Several non-CAZyme and/or previously non-characterized proteins were also found to be induced on lignin (Table S4). The intracellular nature of most of these proteins and their abundance in lignin cultures compared to sugar-containing controls could indicate cellular death and hyphal rupture, possibly caused by the lack of sugars in the media or by mechanical damage caused by insoluble lignin fragments in the shake flask conditions.
However, it is important not to exclude secreted proteins as the mechanisms employed by the fungi to survive and modify lignin can be very complex and involve more enzymes than the ones already described and characterized.
The proteomic analysis strongly suggested that the phenolic fraction of the technical lignin was modified by the fungi.
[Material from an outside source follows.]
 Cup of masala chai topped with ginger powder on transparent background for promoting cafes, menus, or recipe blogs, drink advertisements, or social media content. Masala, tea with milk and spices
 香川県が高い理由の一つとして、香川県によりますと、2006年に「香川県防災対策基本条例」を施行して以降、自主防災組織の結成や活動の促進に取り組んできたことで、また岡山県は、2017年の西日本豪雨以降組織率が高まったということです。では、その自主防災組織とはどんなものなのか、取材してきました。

To check this hypothesis and assess the possibility to use fungi to functionalize technical lignins, the composition of the soluble and insoluble fractions of Protobind 1000 and its extracts was investigated.
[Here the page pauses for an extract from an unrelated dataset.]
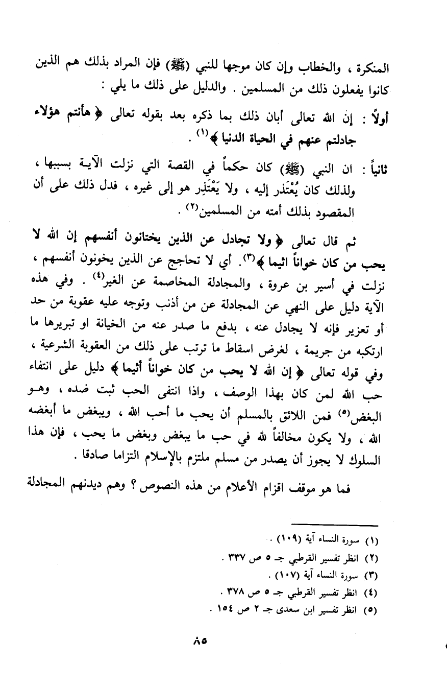 ثم قال تعالى: (وَلا تُجَادِلْ عَنِ الَّذِينَ يَخْتَانُونَ أَنْفُسَهُمْ إِنَّ اللهَ لا يُحِبُّ مَنْ كَانَ خَوَّانًا أَثِيمًا) [النساء: 107] أي لا تحاجج عن الذين يخونون أنفسهم، نزلت في «أسير بن عروة»، والمجادلة المخاصمة عن الغير (¬2)، وفي هذه الآية دليل على النهي عن المجادلة عن من أذنب وتوجه عليه عقوبة من حد أو تعزير فإنه لا يجادل عنه، بدفع ما صدر عنه من الخيانة أو تبرير ما ارتكبه من جريمة لغرض إسقاط ما ترتب على ذلك من العقوبة الشرعية، وفي قوله تعالى: (إِنَّ اللهَ لا يُحِبُّ مَنْ كَانَ خَوَّانًا أَثِيمًا) دليل على انتفاء حب الله لمن كان بهذا الوصف، وإذا انتفى الحب ثبت ضده وهو البغض (¬3) فمن اللائق بالمسلم أن يحب ما أحب الله، ويبغض ما أبغضه الله، ولا يكون مخالفا لله في حب ما يبغض وبغض ما يحب، فإن هذا السلوك لا يجوز أن يصدر من مسلم ملتزم بالإسلام التزاما صادقا.

3.3. Analysis of Soluble Lignin Fraction after Fungal Treatment

Analysis of the lignin monomers and oligomers (i.e., compounds with a degree of polymerization (DP) below 12) extracted by EA from the culture supernatant showed that the incubation of the technical soda lignin with any of the three strains modified the composition of the water-soluble fraction of the material. High-pressure size exclusion chromatography (HPSEC) chromatograms (Figure 5) indicated an overall significant decrease in the amount of soluble compounds, with an almost total disappearance of all the higher molar mass compounds (eluted before 18 min) in the case of Psan1264. An increased proportion of monomers eluted at a retention time above 18 min in the case of Psan1264 and Pbr985 was observed. Monomers eluted between 17 and 19 min were then identified by LC–MS.
LC–MS analysis of the extracted supernatants confirmed that some phenolic compounds disappeared, at a rate depending both on the strain and the compound (Figure S3, Table 3).
Whereas ferulic acid disappeared in the presence of all strains, acetosyringone was metabolized only by Psan1264. Moreover, some common specific effects were observed with Psan1264 and Pbr985, such as the consumption of p-OH syringic acid and persistence of vanillin, which was not the case with Lme1369, where vanillin was consumed while syringic acid persisted. As observed by HPSEC, phenolic monomers abundance varied as follows: control > Pbr985 > Lme1369 > Psan1264. These observations support the substrate specificity of the three strains, where Psan1264 appears to be more active towards phenolic monomers.
The modifications observed in the lignin soluble fraction suggested that some compounds were possibly used as a carbon source by the fungi. However, their disappearance might also be due to their conversion into insoluble polymeric compounds through oxidation by the secreted oxidases. In all cases, the strains were found to have substrate specificities towards some phenolic monomers, e.g., acetosyringone consumption only observed with Psan1264. Acetosyringone is known as one of the most efficient natural mediators of laccase due to its favorable redox potential [78], allowing the oxidation of molecules with high redox-potential or a large size. When acting as a mediator, acetosyringone is regenerated through the oxidation process, thus its disappearance in Psan1264 cultures suggests that the laccases secreted by this strain would not use acetosyringone as a mediator in vivo.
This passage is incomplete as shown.